Priming is also a big part of vision-boarding—it IS the vision board. I pull the most inspiring Pinterest pictures into Canva each year and craft the year’s vision board wallpaper for my phone and desktop. These pictures center my aspirations: running, health, family, a luxurious lifestyle, reading, career success, etc.
My curated wallpaper is with me everywhere I go—as long as my phone is with me (it’s wild to think that we are never away from our phones), so I am never far from reminders of the person I aspire to be and become. ✨
Priming in Digital Health
In a digital environment, nudges fulfill the priming effect. Nudging interventions use resources that remove the need for effortful attention.

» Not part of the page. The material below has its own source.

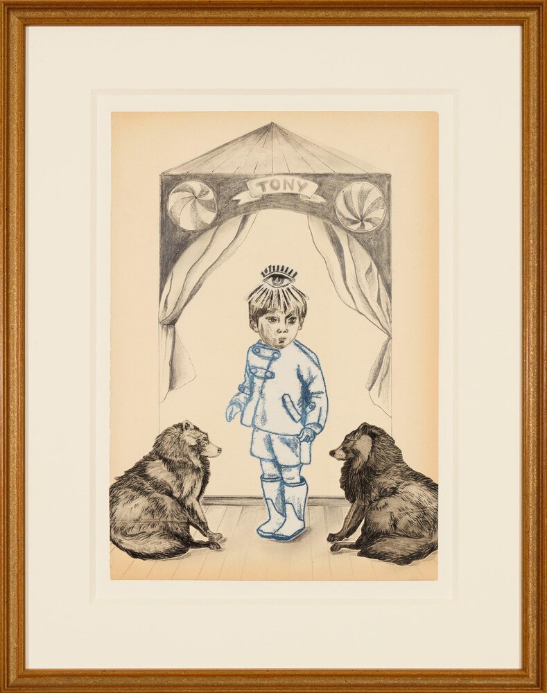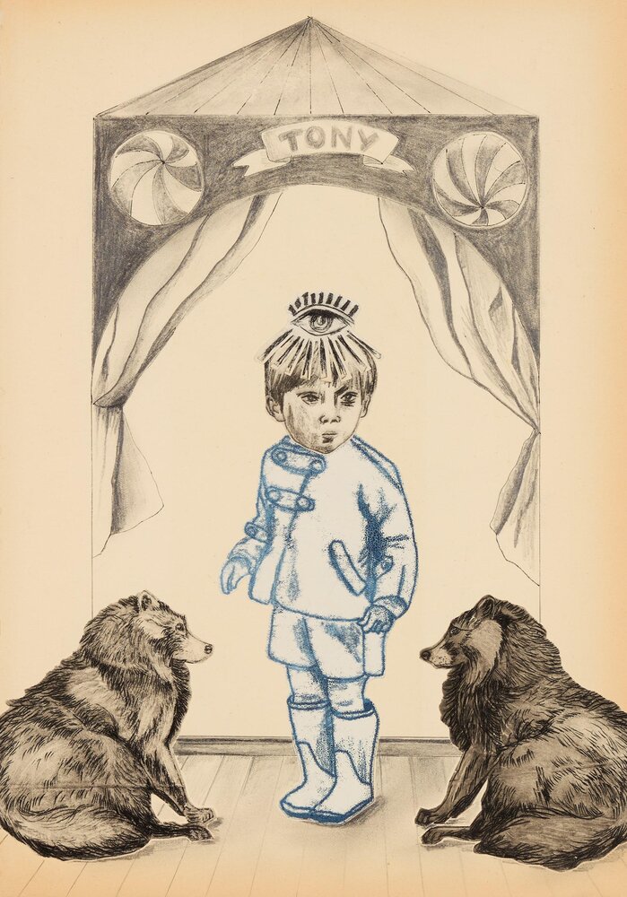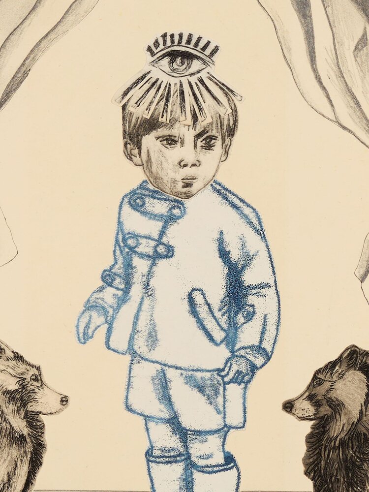 Belgium (1968)Through her often somewhat absurd collages, Kristel Naessens (b.1968, lives and works in Belgium) takes her viewers into a dreamy world. Guided by her intuition, she combines her detailed illustrations in ink or graphite pencil with graphic printing techniques such as linocuts, monotypes or the drypoint technique. In that process, technicality and craftsmanship, or being hands-on and creating imaginary worlds go hand in hand. From her love of melancholy and the fragility of old documents, she likes to work on paper from old books or magazines. Although she wants to give the viewer the freedom to create their own story, thematic threads that recur include children or man's hierarchical relationship to the planet. The ambiguous figures between humans and animals make the seemingly lovely scenes feel uncomfortable and alienating at the same time.

It’s kind of like the bumper rails on a bowling lane. Nudging steers you toward a decision-making path around desired behaviors that are more appealing and rewarding. 🎳
Priming your patients creates an environment where they feel empowered, ready, and motivated to take action.
Here are some ideas and examples:
Surface a patient’s “why” to reinforce their commitment to completing the desired action—such as following their exercise program or getting the flu shot.

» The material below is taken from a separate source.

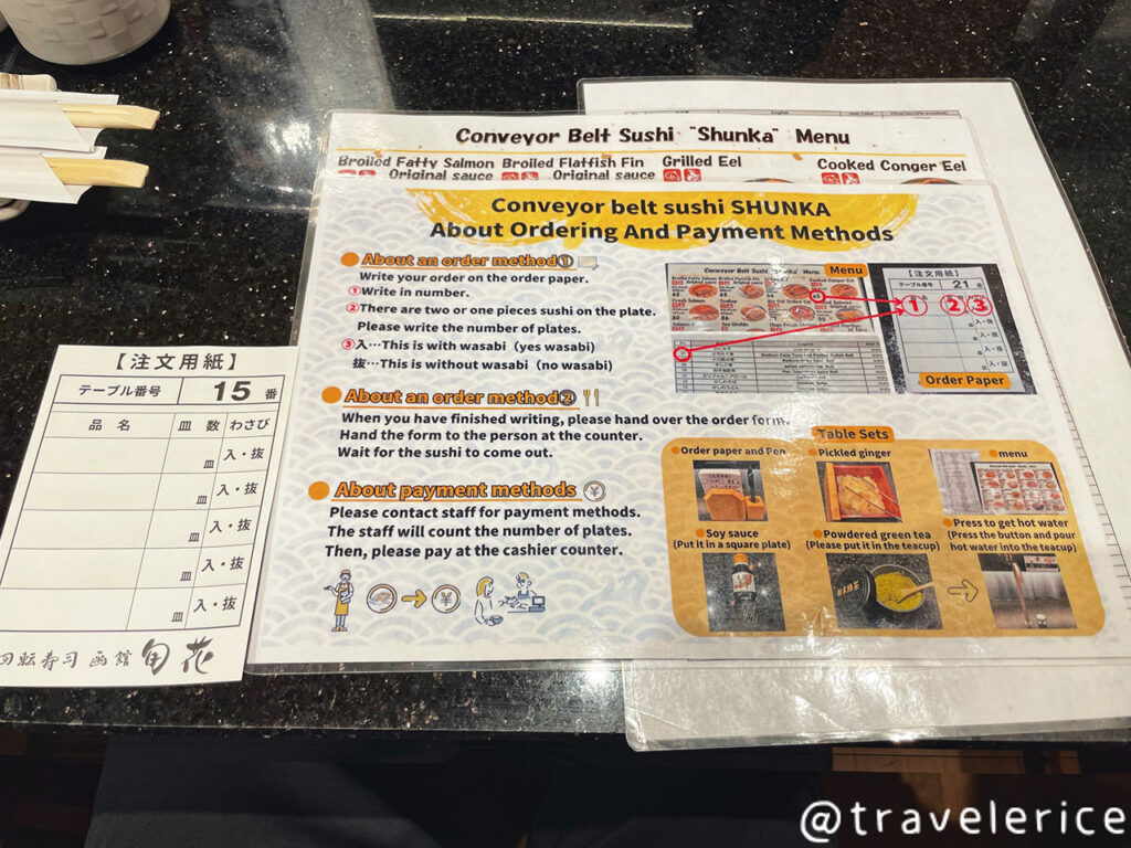 點餐是用寫單再拿給店員,都可以選擇壽司要不要加山葵。

Before a telehealth visit, sending a short video of a healthcare provider greeting patients warmly or testimonials from other patients can help them feel more comfortable and engaged.

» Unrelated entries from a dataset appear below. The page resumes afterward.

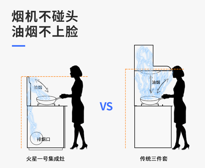 火星一号集成灶运用微空气动力学原理,把污染源和外环境进行双向隔离。在不影响视线的前提下,将油烟在经过面部口鼻之前就马上吸走,在油烟还未向四周扩散前进行扫除,使厨房环境干净整洁,不染油烟。
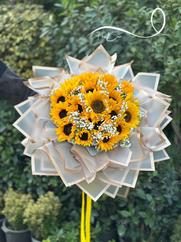 دسته گل آفتابگردون ترکیب با ژیپسوفیلا🌻
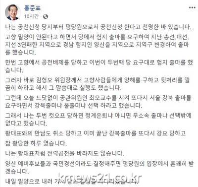 홍 전 대표는 "황교안 대표와의 만남도 취소당하고 이미 끝난 강북출마를 또다시 강요당하고 참 황당한 하루였다"며 "황 대표처럼 전략공천을 바라지도 않는다. 양산 예비후보들과 국민경선이라도 결정해주면 평당원의 입장에서 흔쾌히 받겠다"고 재차 강조했다.

Instead of saying, “Don’t forget to take your medication,” a push notification could say, “You're one step closer to your health goal—time for your next dose.”
A chronic disease management app could use wording like “You are a healthy eater” instead of “Try to eat healthy.”
Using calming blues and greens in a mental health app rather than alarming reds or yellows can prime a sense of relaxation and safety.
When a user completes a week of tracking symptoms in a patient engagement app, the app could display a “milestone unlocked” badge with congratulatory language.
Showing “85% of patients in your group have completed their health survey this month” can encourage users to follow suit.
When scheduling a follow-up appointment online, pre-selecting an earlier available date can nudge patients toward sooner care rather than delaying.
A digital assistant in a patient portal could greet users with, “I see you’re making great progress! How can I support you today?” instead of “What do you need help with?”
In the patient education materials I design at Medbridge, I incorporate many of the strategies listed above to help patients achieve success.
By embedding priming techniques into digital health experiences, we can increase engagement, adherence, and patient empowerment without feeling pushy. Which of these strategies do you think would be most impactful in your work? 💡
Stay tuned for the rest of the series! Next week, we are covering “E” for educating. 🍐
🧠 Unhinged: Thoughts
I am struggling to find a balance between reading for business and reading for pleasure. Last year, I experimented with reading for both at the same time. I crawled on both fronts.
But in November and December of last year, I committed to reading one book at a time and zoomed through two professional development books. My heads-down approach paid off because then I was back to reading for pleasure and could fully commit to that.
But now, I waffle. 🧇 🧇 🧇
I am an ambitious reader and want to return to doing both at once. I am no stranger to setting grand expectations for myself and almost always falling short of them. That is my toxic trait.
I’ve accepted that almost every part of my life will be an experiment. There is no failing if you reframe your outcomes as “research and development.” I have found benefits to both ways—reading two books at once vs. reading one book at a time- but they both come with trade-offs.
And it’s ok. Like it’s really ok. It depends on my energy and how much time I am willing to invest in reading more to make reading two books concurrently feasible. Because I’ve recently come to the humbling realization, it’s less about time management and more about energy management for me.